異なる分野の専門家が一堂に会するイベントに、会場は130人を超える大勢のお客様で満員。ゾウという動物の人気はもちろん、情報提供の重要さを感じさせます。

東京都恩賜上野動物園 乙津和歌氏

乙津氏は、日本のゾウ飼育について話しました。明治時代の上野動物園で始まった日本のゾウ飼育の歴史ですが、第2次世界大戦中に悲劇が襲います。動物が外に逃げたら危険、という理由で大型動物が大量に殺処分されることになったのです。もちろんゾウも例外ではなく、戦争終了時に残ったゾウは全国でわずか2頭でした。

戦後の復興に合わせて動物園の数も増えていきます。現在のような規制がなかったため海外からたくさんの動物が輸入されました。

ゾウの飼育頭数も増えていき、現在の日本では32頭のアフリカゾウと78頭のアジアゾウが飼育されています。

また乙津氏は、これからの動物園は域内保全へも積極的に取り組んでいく必要があることを聴講者に伝えました。動物園で飼育されている多くの動物の故郷は日本ではありません。動物園は、動物の魅力を来園者に伝え、動物たちが本来生きている生息地の環境や保全について考えてもらうという大切な役割も担っているのです。

愛媛県立とべ動物園 椎名修氏

2人目の椎名修氏はアフリカゾウ飼育の第一人者。とべ動物園では3頭の繁殖に成功しています。1988年9月から雄ゾウ1頭と雌ゾウ1頭の飼育を始め、早くから繁殖に向けての基礎研究とデータの収集、行動調査が始まりました。2006年に生まれた1頭目こそ母ゾウが育児放棄したため人工保育での子育てとなりましたが、2、3頭目は母ゾウがしっかりとと育て、成長しています。

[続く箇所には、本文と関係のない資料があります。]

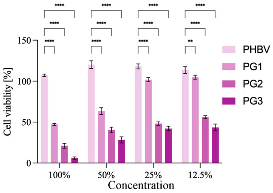 As a compound with anticancer properties, PG represents an attractive candidate for incorporation into therapeutic biomaterials and their development for cancer treatment [39]. The anticancer potential of the obtained PHBV/PG films was evaluated using HCT116 (colon cancer) cells. The results are presented in Figure 7. Treatment with PHBV did not have any effect on the cancer cells. In contrast to this, the addition of PG to the biopolymer matrix improved the antiproliferative effect of the obtained films (Figure 7). All samples containing PG exhibited statistically significantly higher anticancer effects against cancer cells in comparison to the PHBV control. In addition, this effect was concentration dependent. A better anticancer potential was observed when the PG content was higher and when the material extract was more concentrated. Both the PG2 and PG3 samples exhibited excellent anticancer activity at all treatment dilutions, while PG1 (the film with the lowest PG content) was more efficient at higher concentrations (100% and 50%).
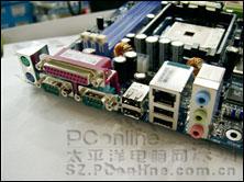 主板可支持两个SATA硬盘,内建Realtek 8100C百兆以太网卡和ALC850 8声道声卡。
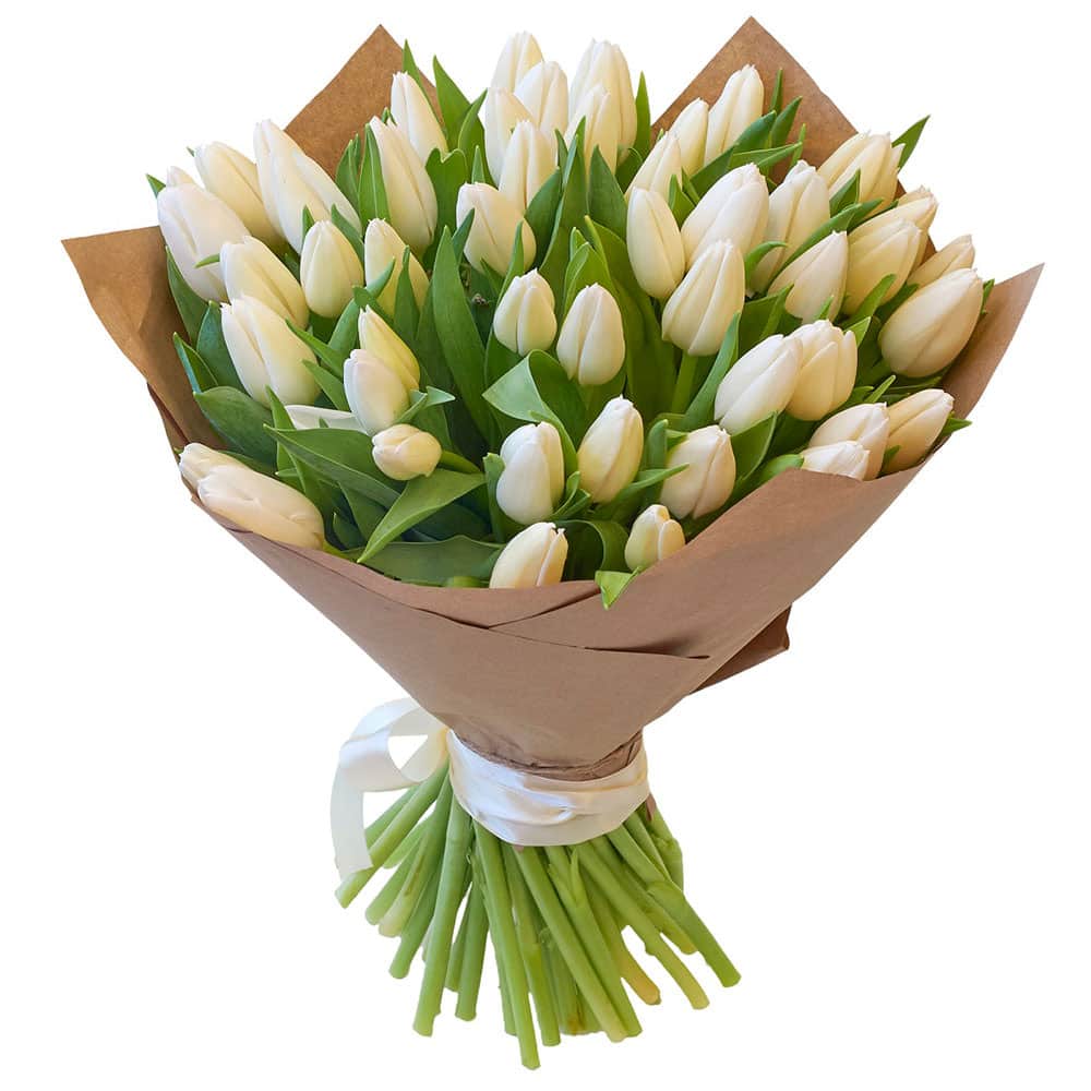 Тюльпаны белые с доставкой по г Уфа: вы можете купить букет в гипермаркете цветов «Флормания» по цене за 170 руб.
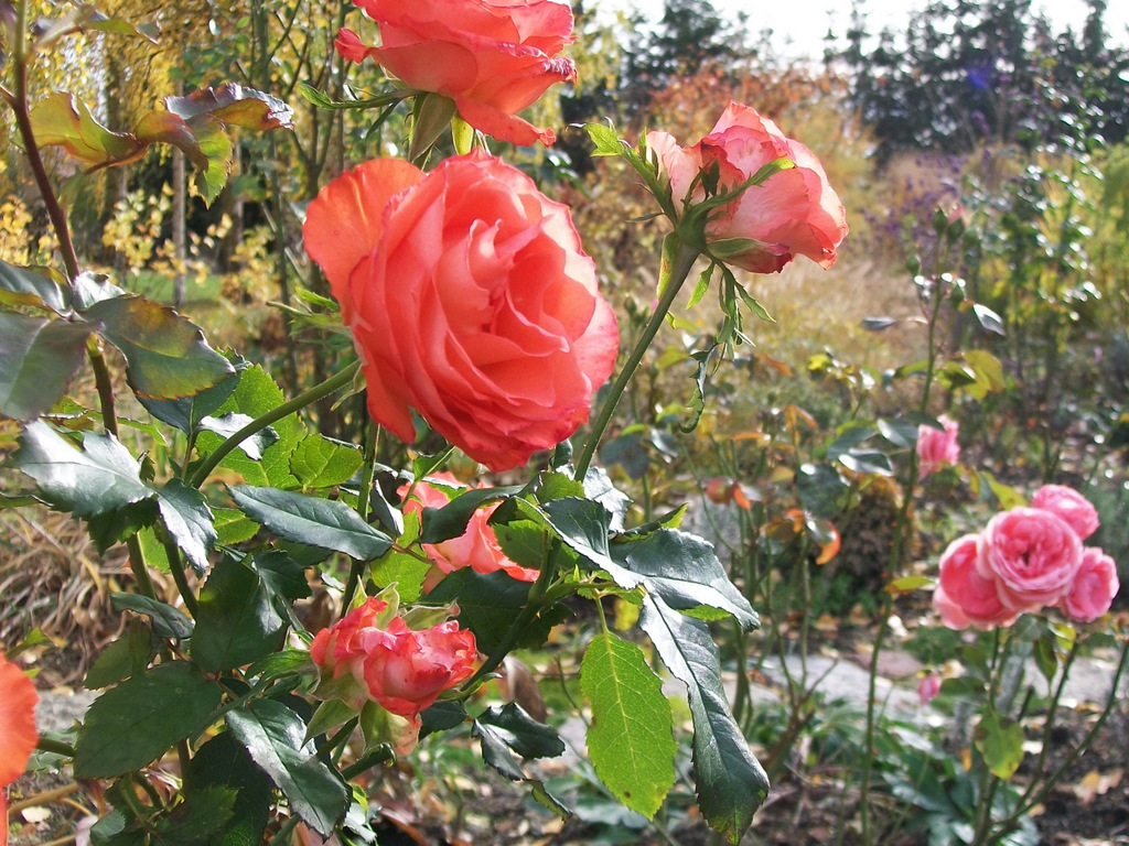 pielęgnacja różSzczególnym sentymentem darzę też róże z grupy okrywowych, a zwłaszcza róże okrywowe The Fairy. Bezproblemowe, powtarzające kwitnienie, zachwycające burzą kwiatów aż do przymrozków. Atrakcyjnie wyglądają tez kwiatostany zaschnięte, przyprószone śniegiem. Doskonale komponują się z bylinami i pnączami. Taki duet jest moim ulubionym w ogrodzie. różana rabataNiemniejszą sympatią darzę Red Fairy – cudowna różyczka z drobnymi kwiatkami, doskonale radząca sobie i znosząca kapryśną, deszczową aurę. Jej wdzięczne kwiatki  w takich okolicznościach nie tracą na urodzie i zachwycają swoim kwitnieniem od czerwca do przymrozków. Czyż nie o takie piękności, odporne, bezproblemowe chodzi nam amatorom, miłośnikom róż?

ゾウの子どもが生まれたことで、とべ動物園ではさまざまな形態のゾウ社会を形成することができました。母ゾウと子ども2頭(雌と雄)との3頭による同居や、母子と父ゾウが同居するという展示も実現しました。

雌ゾウを中心に家族単位で生活するのが野生におけるゾウ本来の姿です。これを母系集団と言います。雄ゾウは、幼い頃こそ群れの中で一緒に暮らしますが、成長すると群れを離れて1頭で暮らすようになります。このようなゾウの性質を理解した上で、データを丁寧に積み重ねながら実施した飼育によって実現したのが「年齢が異なる3頭の雌ゾウが一緒に暮らす」という野生と同じような母系集団による家族による生活なのです。

NPO法人アフリカゾウの涙 山脇愛理氏

3人目の登壇は山脇愛理氏。ケニアで獣医師として活動する滝田明日香氏とともにNPO法人アフリカゾウの涙で共同代表を務めています。

ゾウと人間との軋轢はケニアでも大きな問題です。現地で展開している木の苗を販売するビジネスや、ゾウが嫌いな蜂を飼うことでゾウを近寄らせず同時にハチミツで現金収入を得る養蜂のプロジェクトに取り組み、ゾウの畑荒しや貧困、森林伐採問題への対策を進めている様子を、普段なかなか目にすることのない貴重な写真とエピソードを元に山脇氏が紹介しました。

国際的に象牙取引の禁止が進むなかで日本では依然として全面禁止の姿勢をとらず、象牙取引・消費が進んでいます。日本は象牙消費国だ、という印象が世界に広まっているのです。欧米や象牙の生産国であるアフリカ諸国でさえも撲滅運動が進む中、日本はまだまだ後ろ向きと言わざるを得ません。象牙消費のほとんどは印鑑向けであるため、アフリカゾウの涙では印鑑への象牙使用禁止を今後も訴えかけていきます。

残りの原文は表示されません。